Is Obama Good for the Stock Market?

WASHINGTON (TheStreet) — Stock market returns are influenced by many factors. Interest rates, economic growth, currency exchange rates and expectations about the future play a part in returns, making projections difficult and risky.

One way to predict market performance is to look at presidential administrations. This may seem a little spurious at first, but the logic actually follows quite nicely.

Jeremy Grantham, chairman of the Boston-based asset manager GMO, echoed research by Marshall D. Nickles of Pepperdine University while speaking at the CFA Institute Annual Conference last week. Nickles' research, published in 2004, says the first and second year of a presidential term is usually marked by declining stocks. In the third year, stocks often generate above-average returns before retreating to averages in the fourth year.

This makes sense when you consider the way in which power is transitioned in the U.S. When the new administration takes over, the transition period is a lot of logistics and housecleaning while policy slowly takes shape. The first few quarters of a term can be a mishmash of old policy and new as the table is set for the next four years.

At this point, investors and companies are feeling out the new president to get an idea of how the next four years will play out and how their business may be impacted by Washington. This tentativeness can make buying slow and make bulls hesitant, keeping a lid on gains.

The second year sees more of the same as the first midterm election gets underway and the administration starts to get down to the business of putting in place objectives that may not have been marquee campaign promises, but are still viewed as critical to its vision.

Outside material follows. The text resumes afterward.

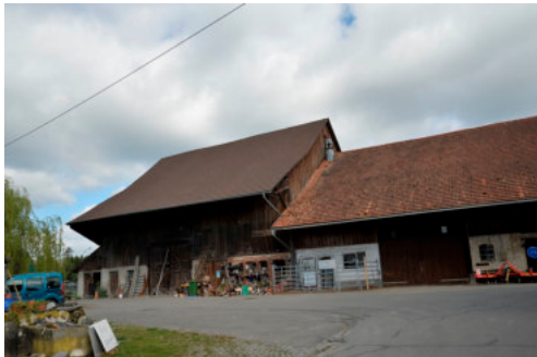
0501 Ansicht der grossen Scheune von Süden
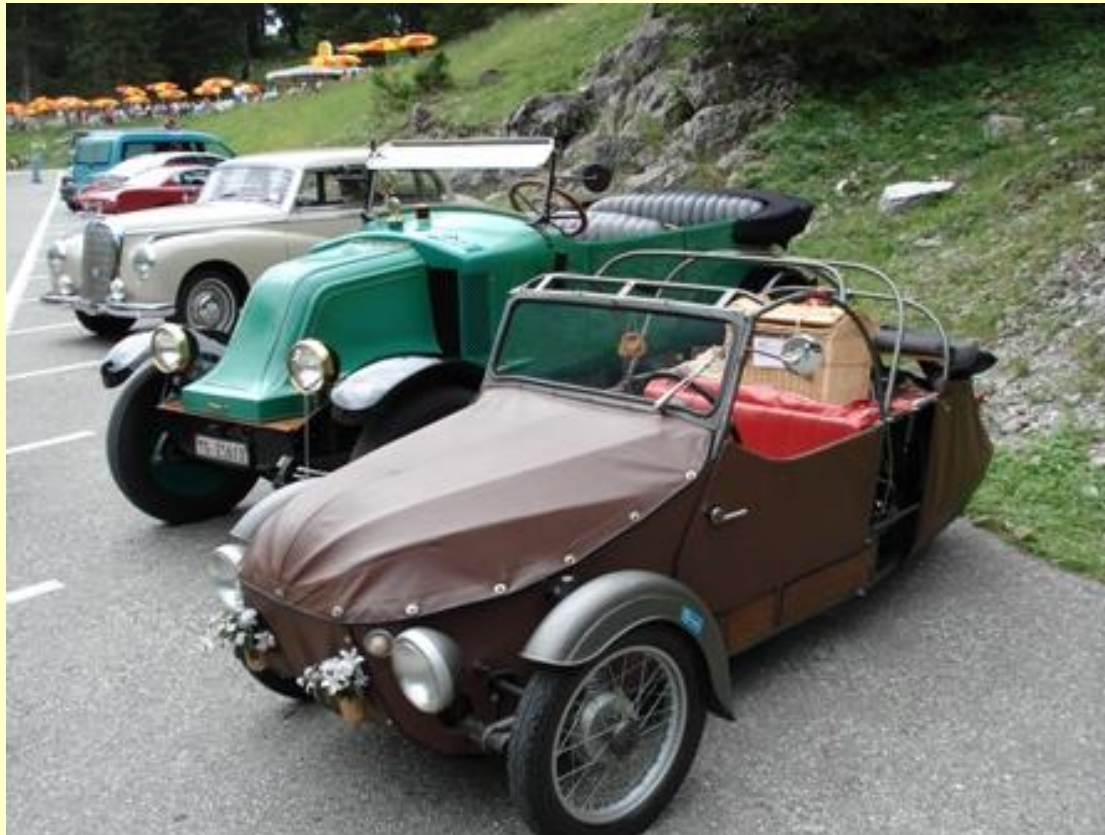
Volvos aus vergangenen Zeiten

By the third year, the vision for America that brought a president to the White House has likely taken hold and the country is probably feeling the effects of the regime's policy, without influence from the previous administration's actions on interest rates and spending. At this point, fiscal and monetary policies made under the previous leader no longer impact the new administration, which can take responsibility for the success or failure of the market and economy.

Nickles suggests in his 2004 paper that the most attractive strategy to exploit these trends would be to push into the stock market on Oct. 1 of the second year of the administration and sell out on Dec. 31 of the fourth year. This strategy would have turned $1,000 into $73,000 between 1952 and 2000. Those gains would have been severely hurt in the last year of President George W. Bush's tenure, when the market collapsed in the subprime crisis.